Mason v. Kenyon Zero Storage

856 P.2d 410 | Wash. Ct. App. | 1993

71 Wash. App. 5 (1993)
856 P.2d 410

RONALD L. MASON, Appellant,
v.
KENYON ZERO STORAGE, Respondent.

No. 12353-7-III.

The Court of Appeals of Washington, Division Three.

August 12, 1993.

*7 Alex J. Skalbania and Critchlow, Williams, Schuster, Malone & Skalbania, for appellant.

Matthew E. Swaya and Lane Powell Spears Lubersky, for respondent.

SHIELDS, J.[*]

Ronald L. Mason appeals the summary judgment dismissal of his intentional tort claim against Kenyon Zero Storage, based on the actions of Kenyon employee Lonnie Barrett. He contends his evidence created genuine issues of material fact. We agree, reverse and remand for trial.

On April 24, 1986, Lonnie Barrett assaulted Ronald Mason. He drove a forklift truck with a drum on it into Mr. Mason's back, pinning him against another drum Mr. Mason was cleaning. Mr. Mason suffered permanent back injuries as a result. At the time, both men were working at a warehouse operated by Kenyon. Mr. Mason was a forklift operator; Mr. Barrett had for years been the "lead person" on the forklift crew, though he was demoted to forklift operator sometime around the assault. There was conflicting evidence as to whether Mr. Barrett's demotion occurred before or after the assault.

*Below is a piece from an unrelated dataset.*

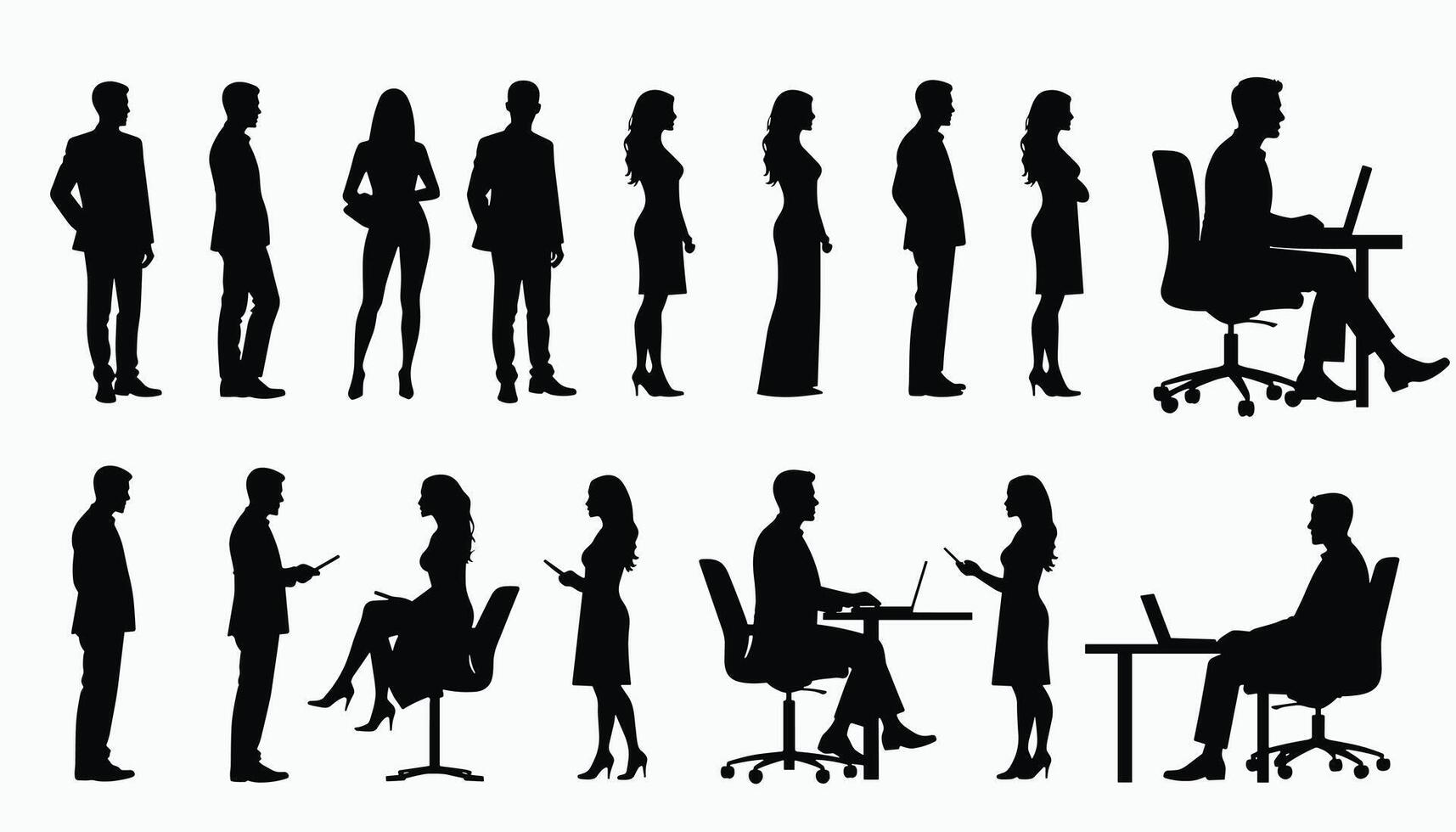 Silhouettes of diverse professionals engaged in various office activities, reflecting collaboration and communication in a modern workspace setting. Pro Vector

Mr. Mason sued Kenyon pursuant to RCW 51.24.020,[1] alleging his "employer" had acted with deliberate intent to *8 cause him grave and serious injury. Mr. Mason also joined Mr. Barrett personally.

Kenyon moved for partial summary judgment dismissing all claims against it. Kenyon filed two affidavits alleging that Mr. Barrett had been demoted from lead person some 2 weeks before the assault, and Mr. Mason knew of the demotion. Kenyon's affidavits alleged that lead persons were part of the same collective bargaining unit as forklift operators, they earned only 42 cents per hour more than forklift operators, and their duties were limited: they could not hire, fire, or impose formal disciplinary sanctions. Mr. Mason responded with three affidavits alleging that Mr. Barrett as a lead person often rammed employees with a forklift as a way of enforcing discipline on the job.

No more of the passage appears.